Until last week, I'd played bingo only once, in Portuguese. I was traveling with a group of journalists in Brazil, and early one Sunday evening, we found ourselves in a village on the outskirts of São Paolo. We inspected a little chapel that had hardly changed in 300 years, except for a fresh coat of whitewash and the installation of neon lights near the altar. We came out onto the dirt square to find the local priest leading the villagers in a game of bingo. The prize for the first round was a goat; for the second, a pig.

Many of the villagers were barely literate or numerate, and were having trouble marking their cards. We American journalists, despite our poor Portuguese, each adopted a player and helped him find the numbers as they were called. I didn't help my partner win anything, but it was a strangely rewarding experience--certainly more rewarding than sitting through the musical Bingo, being given a production far better than it deserves at Invisible Theatre.

The show, by Michael Heitzman, Ilene Reid and David Holcenberg, is set in a Veterans of Foreign Wars bingo hall, and revolves around three die-hard players: Patsy, clutching her highly ineffective good-luck charms; Honey, who has a history of scoring in more ways than one and who now has a crush on Sam the bingo caller; and the domineering Vern, so competitive that a minor slight during a game 15 years earlier led to a permanent rupture with her best friend. Now, that friend's daughter, a bingo novice named Alison, has come to the hall incognito to try to patch things up between Vern and her mom.

Pretty skimpy material, and it's not even enough to fill out this 90-minute show; the evening is padded with three rounds of audience-participation bingo, and a completely irrelevant number for Nurse Ratched from an imaginary musical based on One Flew Over the Cuckoo's Nest. The other peppy songs are indistinguishable from one another, aside from one interlude in which Honey indulges in fantasies of white-trash romance. There's just not much going on here; the show has one big free space in the middle of its card.

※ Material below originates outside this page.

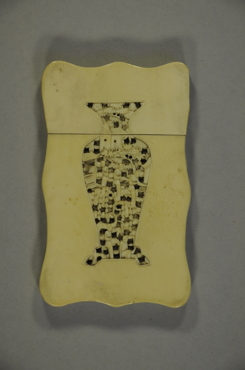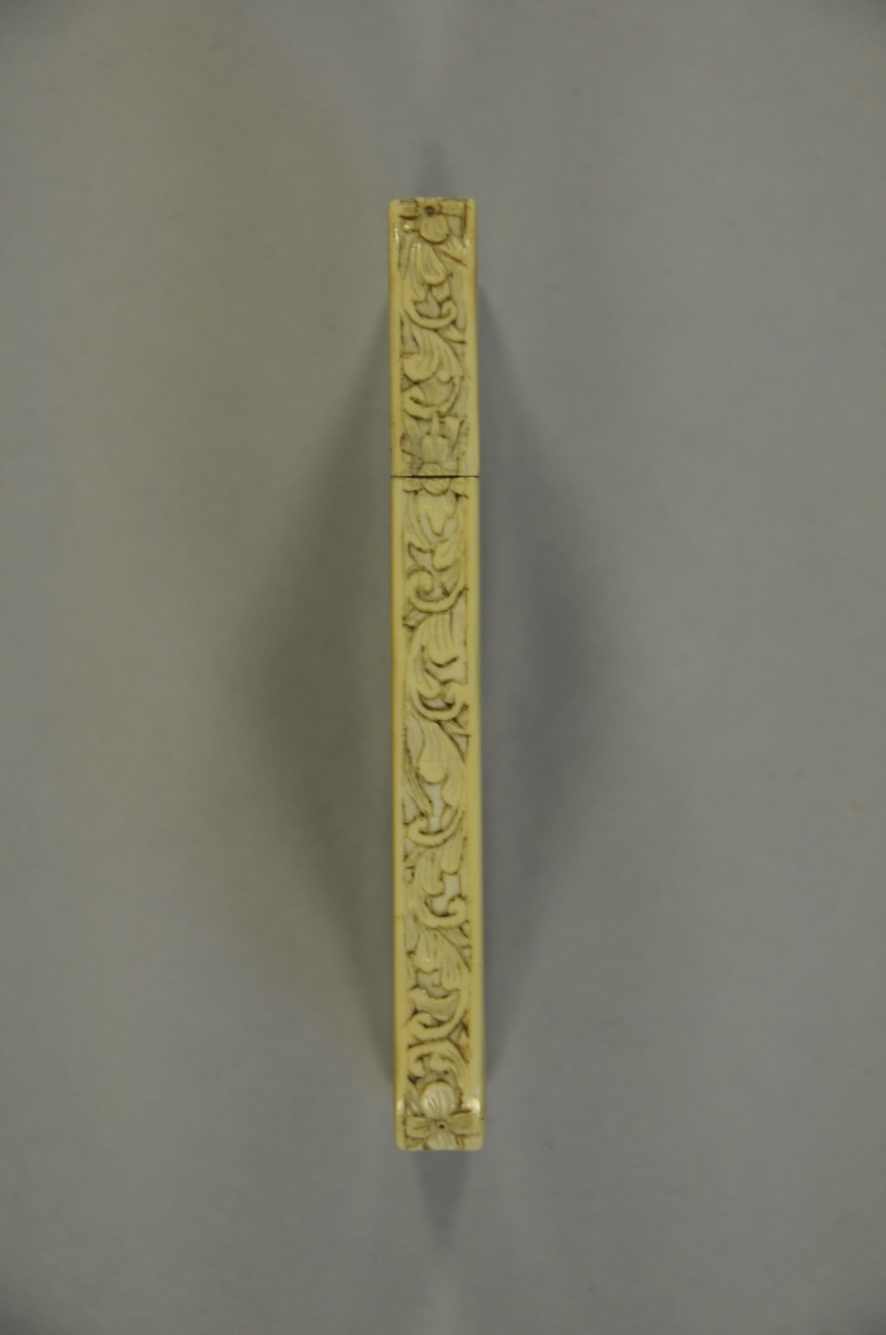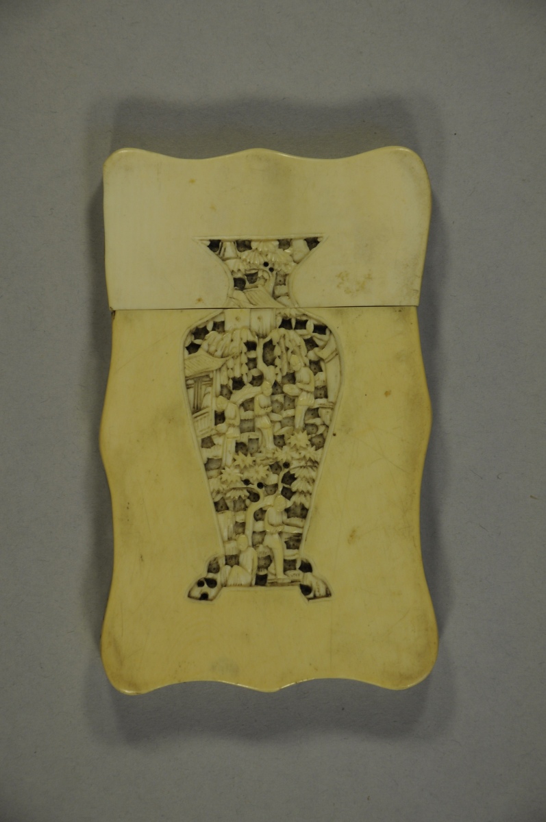ÉTUI à cartes en ivoire. De forme rectangulaire à profils chantournés, il est sculpté en creux sur chacune de ses faces de paysages animés dans des réserves en forme de vases. La bordure est ornée de rinceaux fleuris.

The IT team does, however, make plenty of marks around the edges. Director Susan Claassen allows these characters some integrity, and gives them all some heart. And it's hard to dismiss any show that features both Betty Craig (who plays Vern) and Katherine Byrnes (the opening-night Alison; she'll share the role with Ellie Jepperson). They're wonderful singing actresses, and they're well-supported by the rest of the cast, especially Kylie Arnold as Patsy and Betsy Kruse-Craig as Honey.

The problem lies entirely with the show's writers and composer. They've taken what might have been a funny five-minute Carol Burnett sketch three decades ago and bloated it to the point at which it loses all humor and interest. Unless, that is, you're a paying member of the bingo subculture; one enthusiast in my row, chuckling at Patsy's superstitious antics, said to her companion, "This is exactly what it's like."

So if you're addicted to the game, like Vern and her pals, maybe you'll get more out of Bingo than I did. In contrast to that Brazilian bingo game, at the end of this round, I saw neither a pig nor a goat, but merely a dog.